→ Work request
Copy the data that follows exactly, and include none of its images.

Source material START

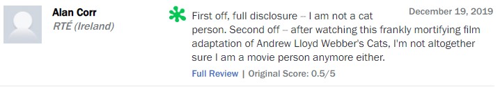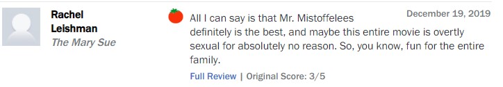 Overall, I rate this 10 Jellicle Cats out of 3 Jellicle Balls under 5 Jellicle Moons. And my rating still makes more sense than this acid trip of a movie.
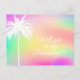 An invitation featuring a White Palm Tree on a multicolor background.
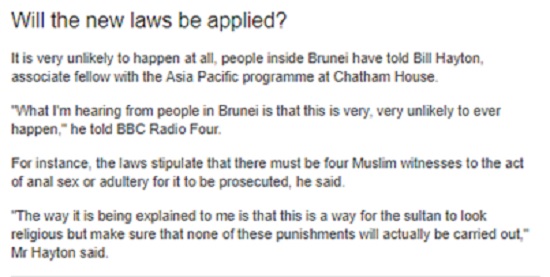영어판 기사에는 마지막 부분에 빌 헤이튼이 BBC 라디오4와 인터뷰한 내용을 실었다. 헤이튼은 술탄이 새로운 이슬람 율법을 종교적인 것처럼 보이게 하려고 한다면서, “어떤 처벌도 실제로 가해지지 않도록 해야 한다”고 말했다.

Source material END

→ Exercise result
 Overall, I rate this 10 Jellicle Cats out of 3 Jellicle Balls under 5 Jellicle Moons. And my rating still makes more sense than this acid trip of a movie.
 An invitation featuring a White Palm Tree on a multicolor background.
영어판 기사에는 마지막 부분에 빌 헤이튼이 BBC 라디오4와 인터뷰한 내용을 실었다. 헤이튼은 술탄이 새로운 이슬람 율법을 종교적인 것처럼 보이게 하려고 한다면서, “어떤 처벌도 실제로 가해지지 않도록 해야 한다”고 말했다.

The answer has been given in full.